Why the Restrictions Matter
Datalog's restrictions seem limiting. No function symbols? No loops? No updates? Why bother?
Because these restrictions unlock powerful guarantees:
1. Guaranteed Termination
Every Datalog query always terminates. No infinite loops. No non-termination.
This is why Datalog is perfect for compiler infrastructure. You can run arbitrary user-defined queries without worrying about hanging the compiler.
2. Efficient Evaluation
The restrictions enable aggressive optimization:
- Join ordering — Query planner chooses optimal join order
- Indexing — Multi-dimensional indexes for fast lookup
- Semi-naive evaluation — Incremental fixed-point computation
- Magic sets — Push down selections for efficiency
- Tabling — Memoize intermediate results
These optimizations are impossible in full Prolog (backtracking and function symbols break them).
3. Parallel Evaluation
Datalog rules can be applied in parallel. No shared mutable state. No race conditions.
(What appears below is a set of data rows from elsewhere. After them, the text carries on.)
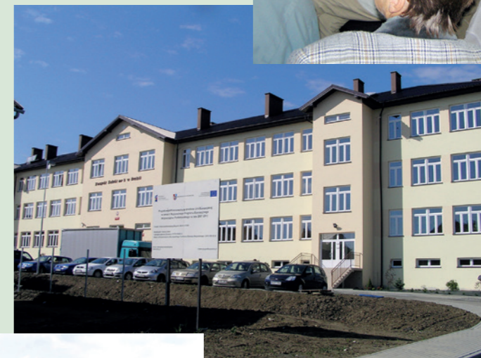
ZS nr 2 w Dukli - 2010 rok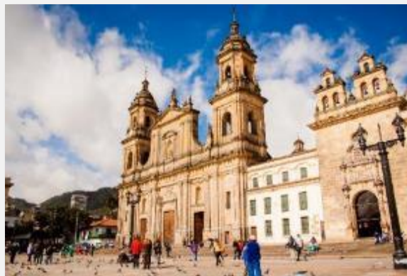
Ο καθεδρικός ναός στην πλατεία Μπολίβαρ

Αμέσως λοιπόν μετά το πρωινό στο ξενοδοχείο μας θα ξεκινήσουμε για μία μεγάλη ξενάγηση στο ιστορικό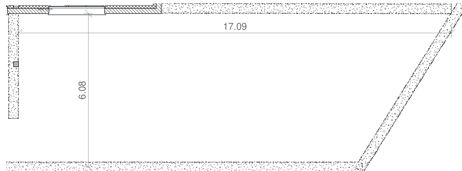
PLAN DU JARDIN

NOTA : La surface de ce plan est susceptible d'être légèrement modifiée en fonction des nécessités techniques de la réalisation en ce qui concerne les dimensions libres. Les équipements, canalisations et radiateurs ne sont pas figurés.

// Apply rules in parallel
parallel_for_each rule in rules:
derive_facts(rule, current_facts)
// Merge results (set union)
new_facts = union(all derived facts)This enables massive parallelism on modern hardware.
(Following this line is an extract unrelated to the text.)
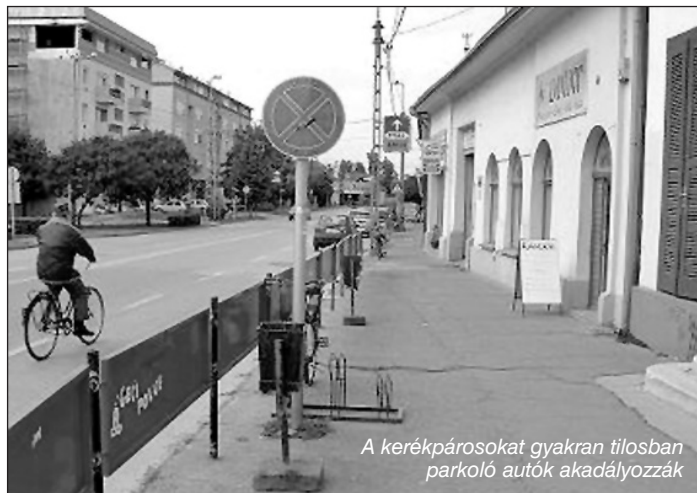
A kerékpárosokat gyakran tilosban parkoló autók akadályozzák

taik szerint a válaszdók ?-ét zavarja, vagy nagyon zavarja a forgalmi eredetű zaj, és ennél is nagyobb mértékben (84%-ban) a forgalmi zsúfoltság. A forgalom zavaró hatása elsősorban a várost ÉK-DNY-i irányban átszelő 5112. számú összekötő út átkelési szakaszán (Ady-Alkotmány-Deák F.-Szekszár-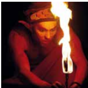
L'Elfe de feu, à Oz-en-Oisans le 16 février. La station propose des spectacles jeune public en février.

JOURNÉE DES ENFANTS > Spectacle familial conté par la C ie Nathalie

4. Incremental Maintenance
Monotonicity enables incremental updates:
Add new fact: parent(diana, eve)
Recompute only affected conclusions:
ancestor(diana, eve) ← new
ancestor(charlie, eve) ← new (via diana)
ancestor(bob, eve) ← new (via charlie)
ancestor(alice, eve) ← new (via bob)
Everything else unchanged!Traditional databases must recompute everything. Datalog recomputes only what changed.
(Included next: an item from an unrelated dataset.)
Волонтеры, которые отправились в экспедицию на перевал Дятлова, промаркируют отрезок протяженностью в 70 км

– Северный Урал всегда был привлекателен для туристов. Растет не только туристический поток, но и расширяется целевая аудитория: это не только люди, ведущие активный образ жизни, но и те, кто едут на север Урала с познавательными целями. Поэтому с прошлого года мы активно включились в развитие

5. Declarative Optimization
You write what you want, not how to compute it. The query planner chooses the execution strategy.
;; User writes this
[:find ?x ?z
:where
[?x :related-to ?y]
[?y :connected-to ?z]
[(> ?z 100)]]
;; Engine optimizes:
Option 1: Filter z > 100 first, then join
Option 2: Join first, then filter
Option 3: Use index on :connected-to for z > 100
Chooses best based on statistics!This is why Datalog as compiler infrastructure is so powerful. Compiler writers express semantic truths, and the engine optimizes automatically.
The Power of 'Just' Datalog
Datalog seems simple compared to Prolog or SQL. But this simplicity is intentional:
- Expressive enough for complex analyses (reachability, type inference, escape analysis)
- Restricted enough for efficiency (guaranteed termination, parallelism, indexing)
- Declarative enough for composability (rules are independent)
- Safe enough for user-programmable compilers (no hanging queries)
This is the sweet spot for compiler optimization.
Homoiconicity: Why Datomic's Syntax Matters
While syntax doesn't change what Datalog is, Datomic's choice to represent queries as data structures (EDN) unlocks unique capabilities:
Queries as Data
;; A query is just a data structure
(def my-query
'[:find ?person ?name
:where
[?person :person/name ?name]])Programmatic Composition
;; Build queries dynamically
(defn add-age-filter [query min-age]
(update query :where conj
['?person :person/age '?age]
[list '> '?age min-age]))
(add-age-filter my-query 18)
;; => [:find ?person ?name
;; :where
;; [?person :person/name ?name]
;; [?person :person/age ?age]
;; [(> ?age 18)]]Macro Generation
;; Generate queries from specifications
(defmacro defquery [name spec]
`(def ~name
~(compile-spec-to-query spec)))
(defquery ancestors
{:entity :person
:relation :parent
:transitive true})Serialization
;; Serialize queries as EDN
(pr-str my-query)
;; => "[:find ?person ?name :where [?person :person/name ?name]]"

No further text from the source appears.